Questions on Best Practices Answered in India
In this blog post Florian Mahle, Technical Process Consultant from AutoForm, shares two questions and his answers that were put to him at a recent event on springback for Advanced High Strength Steel. He shares his answers in full, for all to see here at FormingWorld.com.
Recently AutoForm’s Florian Mahle from Germany gave a seminar in New Delhi on “Challenges in Springback Compensation of High-Strength Steel-HSS and Advanced High-Strength Steel-AHSS.” This topic can never be exhausted and Florian presented the latest methods to address these challenges. The workshop was covered over a two day event with thirty six participants, coming from twenty-one companies from all over India who actively use AutoForm.
Before sharing the top two questions it must be said that during this two day workshop Florian covered the following key topics:
- Requirements for setup of base simulation to ensure a strong correlation between simulation and reality.
- Introduction to springback analysis and compensation.

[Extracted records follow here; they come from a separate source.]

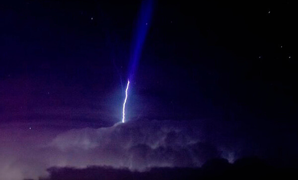 마치 분수처럼 솟는 파란 불기둥 같은 섬광, 그것이 바로 블루 제트 라이트닝이다. 뇌운 위쪽의 적란운 상층에서 가늘고 긴 형태로 발견되는데 고도 40~50km까지 섬광을 그린다. 뇌우에서 발생한 전기 흐름이 위로 올라가면서 주위의 분자들을 이온화시켜 동시에 빛을 내는데 구름에서 위로 솟구치는 메가 번개의 한 일종이다. 레드 스프라이트처럼 지상에 치는 벼락과 함께 발생하지 않으며 훨씬 빨리 사라지기 때문에 웬만해서는 블루 제트 라이트닝을 목격하기란 쉽지 않다.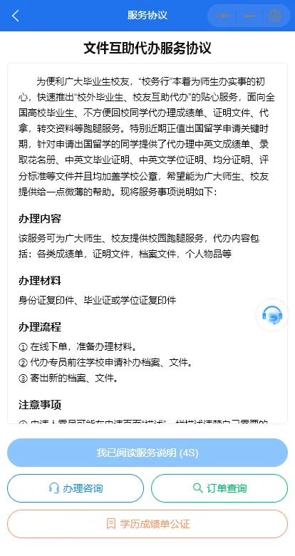 关注【校务行 | 互助代办翻译】官方公众号,底部菜单栏“我要下单-成绩单文件代办”即可进入办理。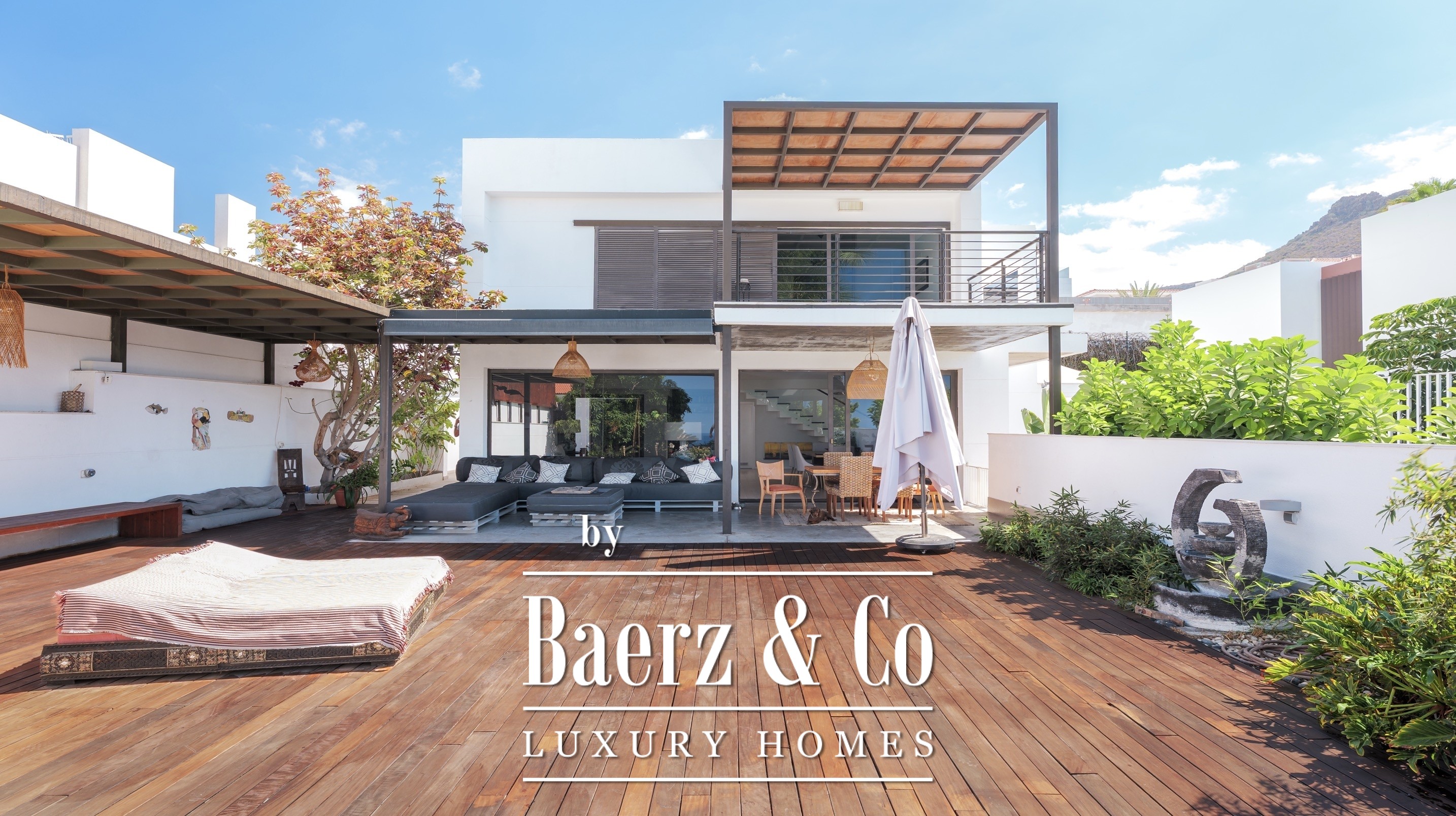 On the lower level, a versatile lounge, laundry, and generous garage provide space for leisure and utility. Located minutes from Costa Adeje International School, X-Sur Shopping Centre, and the Aqua Club Thermal Spa, this property balances refined privacy, access, and lasting value. For those seeking a luxury villa for sale in Costa Adeje, the villa offers an elevated living experience, attentive to every detail.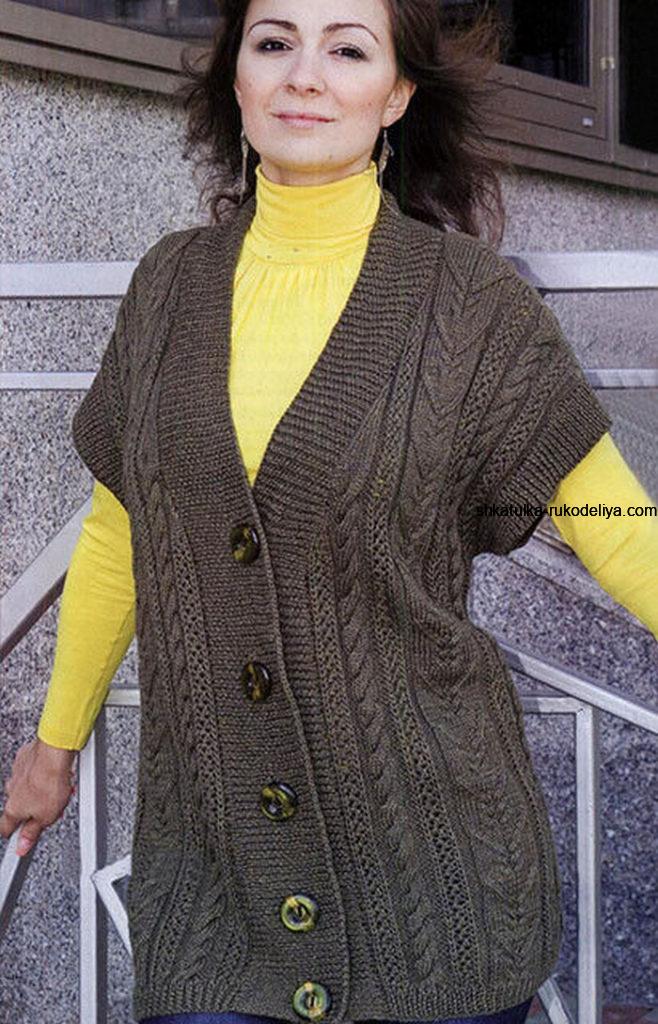 вязание спицами, жилетка, женская, удлиненная, схемы, описание, рельефный узор, теплая

- General issues and best practices to be considered for HSS/AHSS.
- Drawshell concept for accurate springback prediction.
- Ensuring robust process for successful compensation.
- Minimum clamping concept.
- Various compensation strategies.
Florian reported “The most important questions were “How to ensure a good level of springback correlation between simulation and reality” and request on “Tips and best practices for minimizing springback and for springback compensation.” These I answered in full and would like to share.”
“Addressing these questions, we talked about the importance of correct and accurate set up for springback estimation. We also covered the importance of material card properties, as well as resulting requirement of tool scaling. Due to elastic and plastic material properties at force release shrinking for HSS/AHSS is bigger than for conventional steels and therefore tool scaling as counter measure is even more important.”
“Now, to ensure accuracy and a good correlation between simulations and reality for springback compensation, you need to correctly replicate the physical conditions. For AHSS materials special attention needs to be paid to the available press forces. During the engineering phase you design the process and the dies are built in a digital world. Design and simulation need to be carried out to properly reflect the very same dies and process you intend to build and operate in the physical world (simulate what can be built). This is a message we always highlight at AutoForm. On the other side, in reality, you need to replicate the same die shape, clearances, tonnages, blank, binder bearing, pad gaps, tool kinematics, measurement conditions and so on. Not even small details should be ignored.” See this blog post here for more information.
“Next, you want to ensure the reliability and accuracy of the simulated outcome. One of the most important things is that prior to reading simulation results you need to check any possible warning generated by the software and adopt related counter measures. Outcomes from “unhealthy” simulations carrying critical warnings cannot be relied upon. For instance, you may get a warning that says “Increment did not converge within the maximum number of iterations allowed”. This is one of the warnings that should be fixed. This one is most troublesome of all and may occur for different reasons, such as excessive splitting or wrinkling, bad tool geometry or improper locating of the sheet. Some users might ignore this warning and rush past them to get their “green simulation.” This hasty rush-like behavior will show up in tryout, but then it’s too late. The key is to pay serious attention to the messages “sent” by the solver and follow AutoForm’s guidance. This will benefit your real-world metal forming. The software is “telling” you that there is something wrong for some reason, you better find out what it is.” You can find out more about how to set up a healthy simulation here.
“Finally, the shop floor should, in the finish, follow the input defined in engineering as accurately as possible to achieve the result of your “green simulation.”
“At the event we also covered the importance of the drawshell concept and I gave takeaways users can apply immediately, especially regarding methods for springback minimization during engineering, such as to introduce post-stretching during drawing or forming operations. However, in my opinion one of the most valuable things of all was the sharing of experiences by those present. Of the thirty-six participants, everyone had insights from their own previous projects that they could openly share and at the end it must be said that everyone understood the importance of correlation between virtual and physical model and the requirement to reduce springback not only during engineering, but also addressing this issue quite early during part development. Therefore, by attending an AutoForm workshop you’re not only gaining experience from professional AutoForm technicians but you are able to draw upon the expertise of all of those present. That is extremely valuable indeed.”